[Provided material]

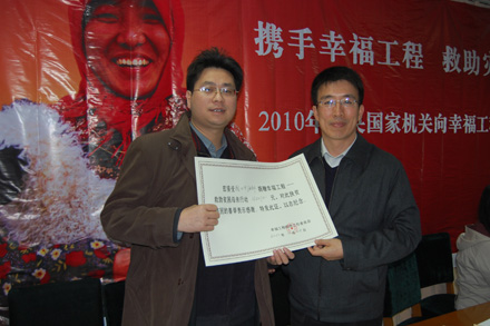 幫助困境母親,建設幸福家庭2010年中央國家機關向幸福工程捐款(右一為基金會秘書長楊文莊)
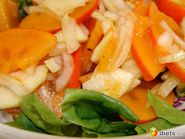 В другой чашке смешиваем хурму, лук, яблоко и заливку. Хорошо перчим. Перемешиваем.
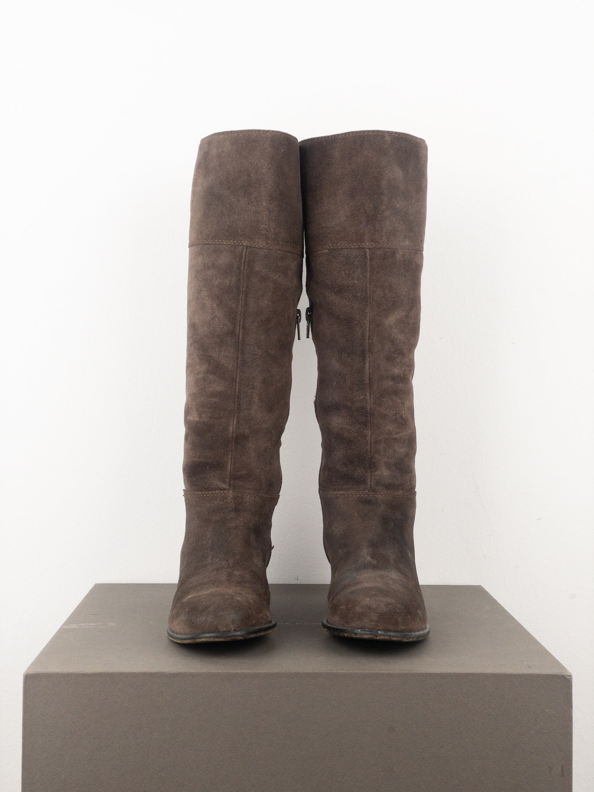 Knee high riding boots in dark-brown suede, featuring a black heel and a zipper on the inside of the shaft, from the 2000s.
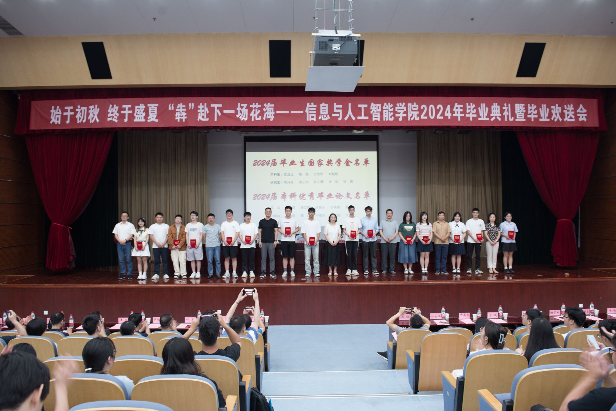 学院副院长张成堂宣读获得省级优秀毕业生称号的学生名单,学院副院长饶元宣读国家奖学金、本科优秀毕业论文获得者名单,学院教师代表为获奖学生颁奖。
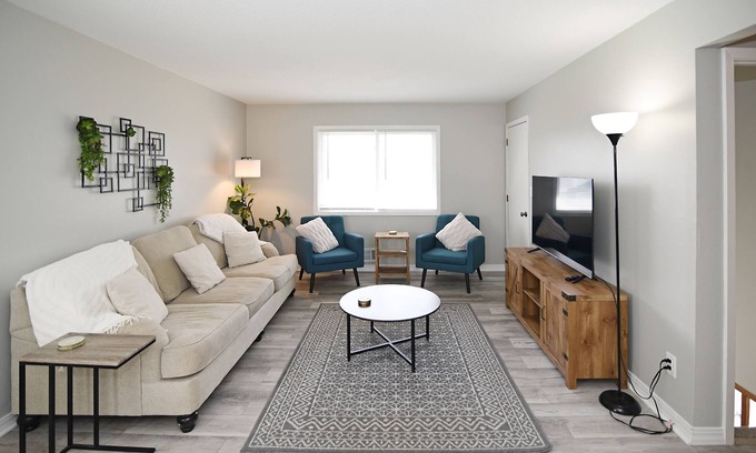 Whether you're seeking indoor comfort or outdoor entertainment, our home has it all. From the three spacious bedrooms to the well-equipped kitchen, fire pit, grill, and outdoor seating, every detail has been carefully considered to ensure a memorable and enjoyable stay for families, groups of friends, solo getaway or business travelers. In addition to its many features, this home also offers the convenience of in-unit laundry and a spacious living room with plush seating, adorned with soft cushions, where you can relax while watching your favorite shows on the large flat-screen TV.
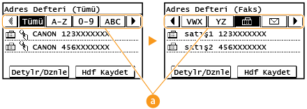 Adres Defteri, kayıtlı hedefler listesinden seçerek veya alıcı adlarını içeren hedefleri ada göre arayarak bir hedef belirtmenize olanak sağlar.

[/Provided material]

## What you need to do:
Please return exactly the lines from the one containing "Knee high riding" through the end of the material above, both ends included, but not the pictures.

## Response to this task:
 Knee high riding boots in dark-brown suede, featuring a black heel and a zipper on the inside of the shaft, from the 2000s.
 学院副院长张成堂宣读获得省级优秀毕业生称号的学生名单,学院副院长饶元宣读国家奖学金、本科优秀毕业论文获得者名单,学院教师代表为获奖学生颁奖。
 Whether you're seeking indoor comfort or outdoor entertainment, our home has it all. From the three spacious bedrooms to the well-equipped kitchen, fire pit, grill, and outdoor seating, every detail has been carefully considered to ensure a memorable and enjoyable stay for families, groups of friends, solo getaway or business travelers. In addition to its many features, this home also offers the convenience of in-unit laundry and a spacious living room with plush seating, adorned with soft cushions, where you can relax while watching your favorite shows on the large flat-screen TV.
 Adres Defteri, kayıtlı hedefler listesinden seçerek veya alıcı adlarını içeren hedefleri ada göre arayarak bir hedef belirtmenize olanak sağlar.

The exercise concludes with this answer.